EXERCISE REQUIREMENTS:
Across the records below, report how many lines include the word "sobre", stating the number alone.

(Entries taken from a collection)
══════════════════════════════
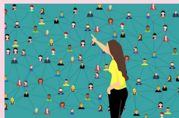
De gebiedsmakelaar wijst de weg in het gemeentelijk doolhof.

"Dat soort kwesties kun je beter doorgeven via de MijnGemeente-app. Dit kan ik zelf niet oplossen en ik zal je dan ook doorverwijzen naar de app. Maar je kunt ook het Klant Contact Centrum van de gemeente bellen: 0485-854000."
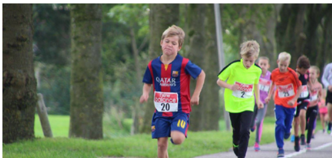
Foto van de sponsorloop in 2015
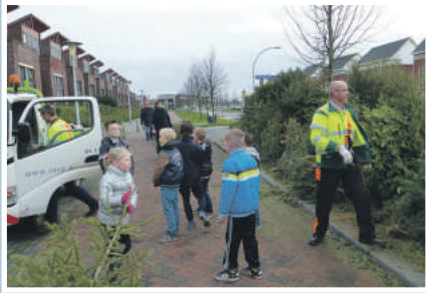
09 Kerstbomen slepen
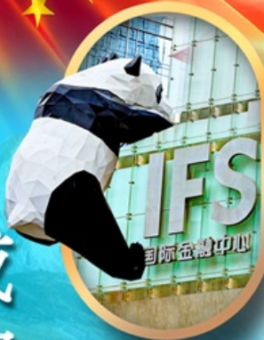
IFS หมีแพนด้าป็นตึก
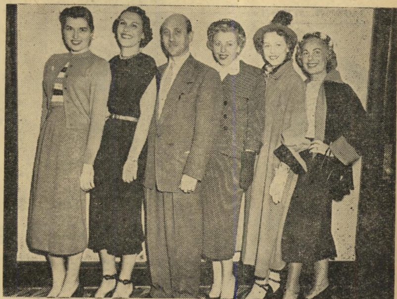
הדוגמניות של הדסה בתצוגת טורונטו 60 קצא אורחים ליום

אנשי מגן-דוד-אדום, הרגילים למקרים כא' לה המפיקים את שיעורם משמרת הלילה, חיכו לטוף הסיפור. הוא בא בצורה בלתי צפויה: הנושך החל מלטף את השרוטה, סירק את שערותיה שהתפרעו. כעבור חצי שעה יצאו יחד את התחנה, שלובי זרוע.
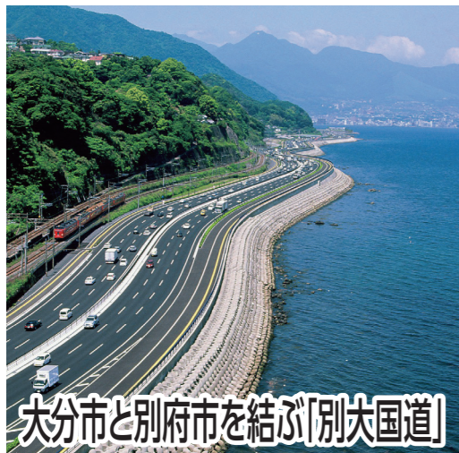
大分市と別府市を結ぶ「別大国道」
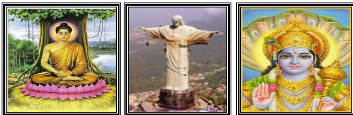
ภาพที่ 1.6 ศาสนาของศาสนาต่างๆ

1. ศาสนา ได้แก่ ผู้ให้กำเนิดศาสนาหรือผู้สอนดั้งเดิม เช่น พระพุทธเจ้าทรงเป็นศาสดาของพุทธศาสนา พระเยซูเป็นศาสดาของคริสต์ศาสนา แต่บางศาสนาก็ไม่ปรากฏว่าใครเป็นศาสดา เช่นศาสนาพราหมณ์ หรือศาสนาฮินดู
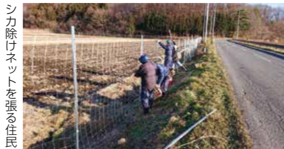
シカ除けネットを張る住民
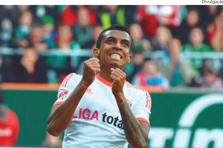
O atleta foi revelado nos campos de futebol de Pinda

O jogador brasileiro, pindense, Luiz Gustavo, sagrou-se campeão pelo Bayern de Munique na Bundesliga, Campeonato Alemão, no último sábado (6). A equipe de Munique conquistou o título por ter 20 pontos de vantagem sobre o segundo colocado, o Borussia Dortmund. O gol da vitória foi marcado pelo meia Schweinsteiger, com o placar final 1 x 0.
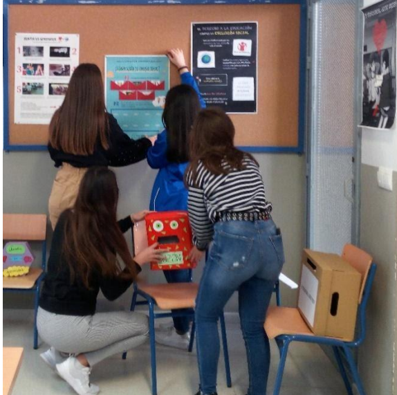
Figura 4. Alumnas de 3º de Grado de Primaria (UMA) durante el montaje de la exposición.

tomaron en consideración que su propuesta introducía un concepto que podía resultar especialmente abstracto para los alumnos de 5º del CEIP Almudena Grandes. A modo de ejemplo hay que mencionar que un equipo de maestras en formación se propuso informar/documentar sobre la ratio y su relación con el Derecho a la Educación.
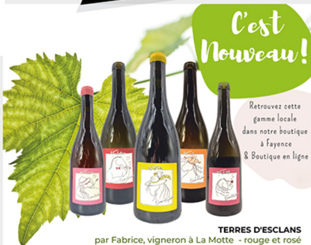
TERRES D'ESCLANS par Fabrice, vigneron à La Motte - rouge et rosé

Retrouvez cette gamme locale dans notre boutique à Fayence & Boutique en ligne
══════════════════════════════
OUTPUT OF THE EXERCISE:
2